Ed’s article challenges what I maintain in my Substack article, Morality Private and Public: On Not Confusing Them. While this is not the time for a full-on Auseinandersetzung of our respective positions, I do want to comment on the above bullet points.

Consider the second  point,  the NT source of which is presumably Matthew 5: 27-28:

27 You have heard that it was said, ‘Do not commit adultery.’ 28 But I tell you that anyone who looks at a woman to lust after her has already committed adultery with her in his heart. 

Farrell thinks that “the sins of the flesh are no worse before God than the sins of the mind that preceded them,” that “to lust after a person is the same as committing adultery.”  But surely there is a distinction between thoughts, words, and actions. As I like to say, “Thoughts and words are the seeds of deeds.” The aphorism underscores an obvious tripartite distinction but also makes clear that words ‘out of the mouth’ and deeds ‘in the flesh’ have their source in thoughts ‘in the heart.’ Surely it is obvious that to entertain lustful adulterous thoughts about my neighbor’s wife is not to commit adultery with her, contrary to Farrell’s second bullet point. It should also be clear that to commit adultery ‘in the flesh’ is far worse morally speaking than to entertain the thought of so doing ‘in the heart.’ 

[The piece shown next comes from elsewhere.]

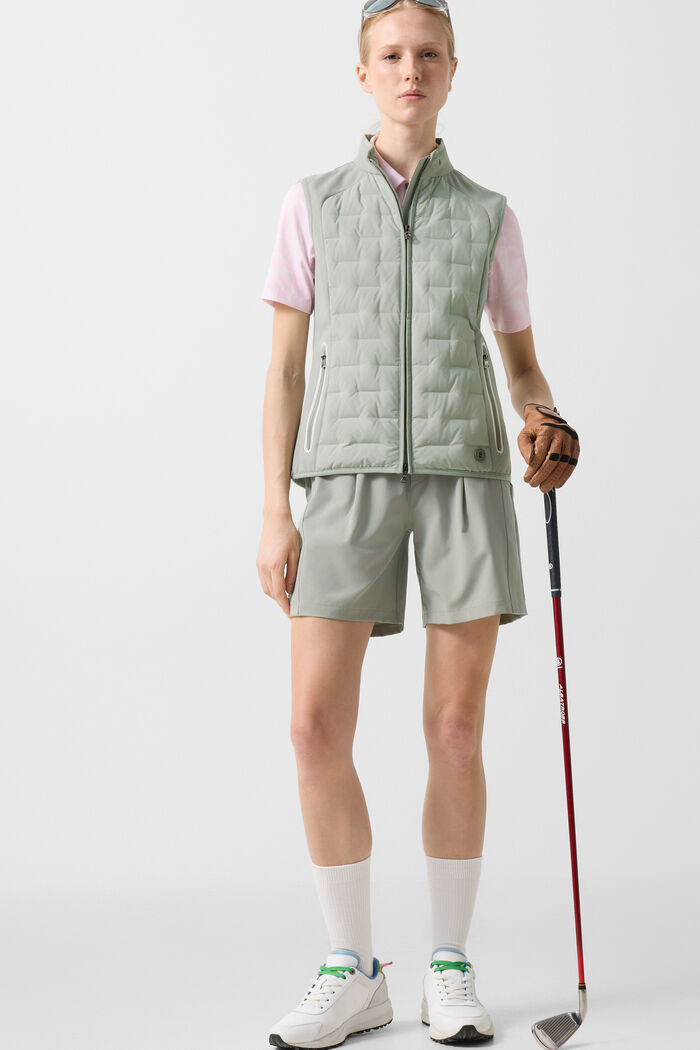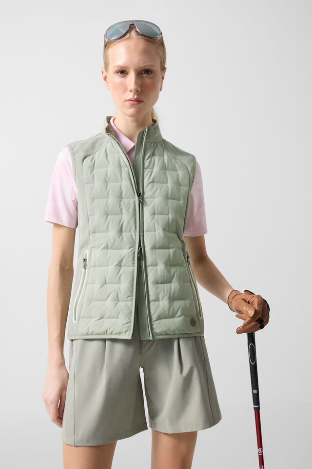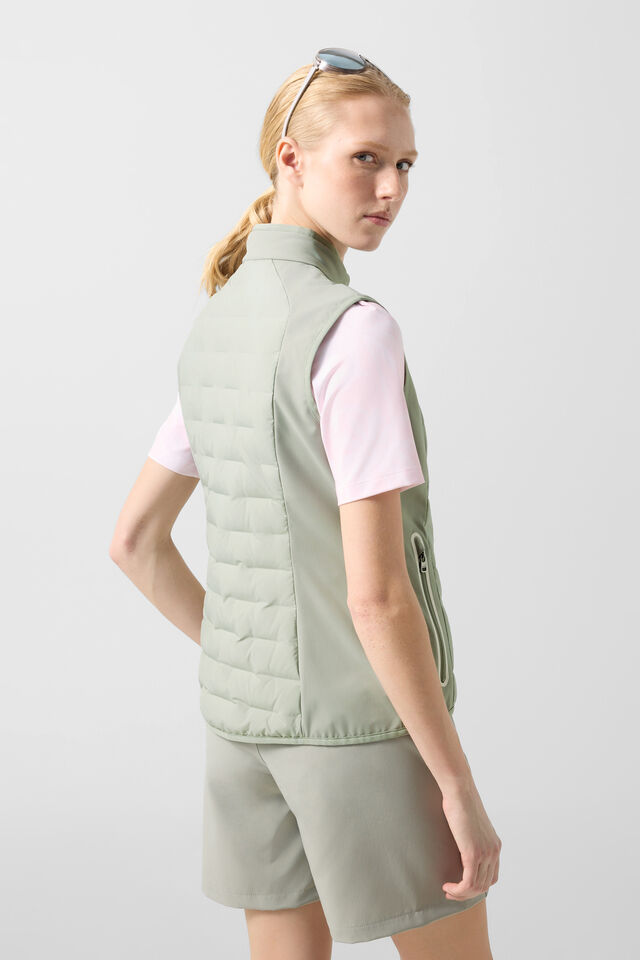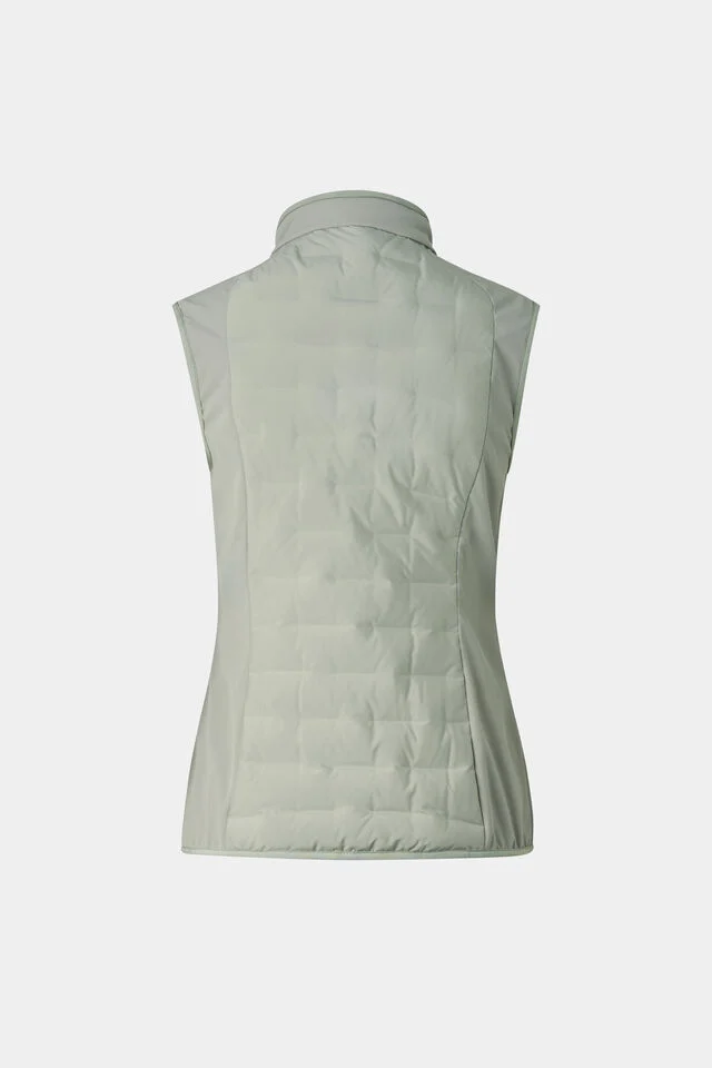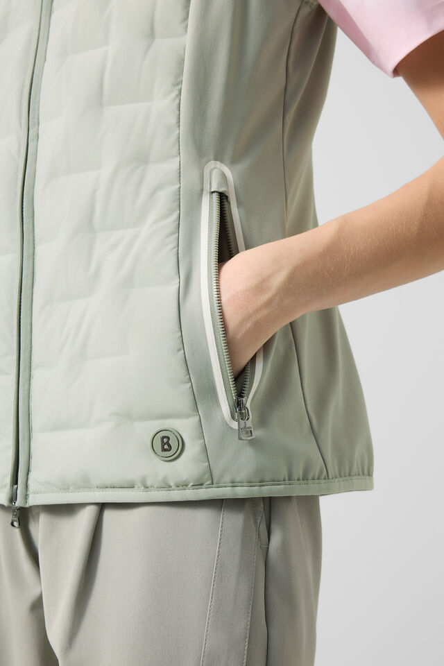 Хибриден жилет с класически силует и ватирани секции, допълнен от подплатена яка с изправена линия, противоветрови отвори с тесни маншети и подложен двупосочен цип с B етикет

One thing Farrell and I will agree on is that  merely thinking about (entertaining with hospitality the thought of) committing adultery is morally wrong, even if the deed is never done.   Surprisingly (to me anyway) there are people who deny this. They  hold that there is nothing at all morally wrong with thinking in detail about how one might bring about an adulterous sexual liaison or even a rape if one does not actually do the deed.  These people think that overt actions are morally evaluable but mere thoughts are not. I deny this. If I hit you over the head with a lead pipe just for the fun of it, I do something morally wrong; but my planning to hit you over head for fun is also morally wrong, but much less wrong than the actual physical deed.

There is a further distinction that needs to be made. Suppose the thought occurs to one: I could overpower this girl and rape her. I’m not maintaining that the mere arisal or occurrence of the thought is morally wrong; I am maintaining that the elaboration and entertaining of the thought, the forming of an intention to act on it, is what is morally wrong – – even if I do not act on it.  The difference is that the mere arisal is involuntary: the thought just popped into my head, unbidden. But the elaboration and entertaining of the thought is voluntary. And  the more hospitable the entertainment, the more morally evil it is. What  one must do when an evil thought arises is to suppress it by exercising moral self-censorship.

For a deeper elaboration of these ideas see my article, Can Mere Thoughts be Morally Wrong?

If you agree with my critique of the second of Farrell’s bullet points, you should be able to see that a similar critique applies to the first.

I reject the third as well, but to explain what I would have to present my view of idolatry, a task for another occasion.

As for resisting the enemy, Farrell tells us that to do so is “to dishonor God, whose grace extends to friend and enemy alike.”   But here is a weighty counter-consideration. A while back I had a conversation with a hermit monk at a remote Benedictine monastery in the high desert of New Mexico.  I pointed out to him that the monastery was wide open to jihadis or any group bent on invasion and slaughter. (There was a Muslim center down the road a piece.) He told me that if someone came to kill him, he would let himself be slaughtered. A clear case of “Resist not the evil-doer.” Matthew 5:39: “But I tell you, do not resist an evil person. If anyone slaps you on the right cheek, turn to them the other cheek also.”

The counter-consideration is that if the monk allows himself to be slaughtered, then he is party to the assailant’s commission of a mortal sin!  What the monk should do is elude the assailant or otherwise prevent him from committing the mortal sin of murder.   Making this point, I presuppose that there is a difference between the mere intention to murder and its actual accomplishment.   Since Farrell  denies this obvious distinction, mistakenly in my view, he might accuse me of begging the question against him.